Matching the consensus of the FPInnovations text, some engineers conclude that the live load deflection limits mentioned above can be an effective vibration control measure for spans up to about 22′. However, for spans above 22′, some vibration control calculations show that deflection limit may still be an ineffective method of controlling vibration.
Perhaps the most widely known frequency-based vibration analysis method today is that from Woeste and Dolan. Their method, developed by Thomas M. Murray in the article “Building floor vibrations,” which appeared in Engineering Journal in 1991, calculates the fundamental frequency of the typical floor joists based on the floor joist stiffness, span and applied dead loads. This method recommends limiting floor frequency to a minimum of 14 Hz for furnished rooms or 15 Hz for empty rooms. Past experience shows that this can be an effective quick check tool but it can underestimate the floor’s performance due to unaccounted for measures such as the presence/lack of a floor topping, blocking, ceiling, etc.

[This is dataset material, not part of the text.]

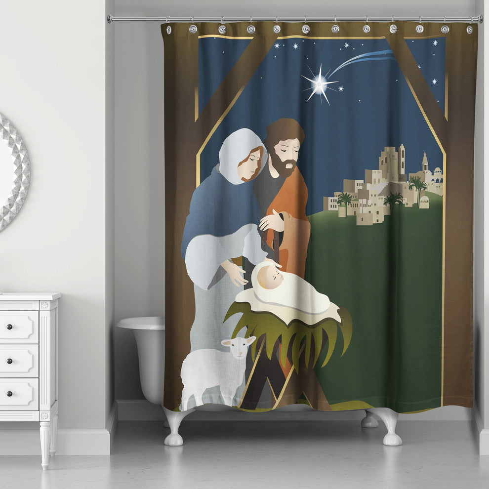 With a festive nativity design, this shower curtain is an excellent accent piece for your bathroom this holiday season. The shower curtain includes 12 eyelets for hanging and is made of softened polyester fabric. The result is a fun statement piece that is sure to add some personality to your space!

In order to address what they consider perceived inadequacies with the above mentioned analysis methods, FPInnovations has proposed utilizing a new analysis method. This method calculates the maximum permissible span for a given assembly based on a combination of floor stiffness and mass, with options for increasing the allowable span if blocking, bridging, strong backs or other stiffening measures are used.
Several engineered wood floor joist and truss manufacturers have developed proprietary software which includes floor performance ratings that take into account many of the same considerations as the FPInnovations method. These ratings are based on perceived acceptance of a floor’s vibration performance. Examples include Weyerhaeuser’s TJ Pro Rating and Redbuilt’s Floor Choice Rating.
Although established by the steel industry, some designers use the vibration control information in AISC Design Guide 11 for light wood floor framing.
Other sources of information:
- Redbuilt has published a short document on floor performance.
- Weyerhaeuser has published a technical bulletin on floor performance.
- APA has several publications on floor vibration design, including Form D720 and Form E710
A related question that arises less frequently is that of vibration performance of wood beams supporting floor joists/trusses. The Dolan method mentioned above does provide an equation for checking the combined floor vibration performance of a typical floor framing member with the vibration performance of the supporting beam, as does AISC Design Guide 11. However, checking wood beams for vibration is not commonly done. Best practices include limiting deflections and verifying that the combined performance of the system will still produce acceptable levels.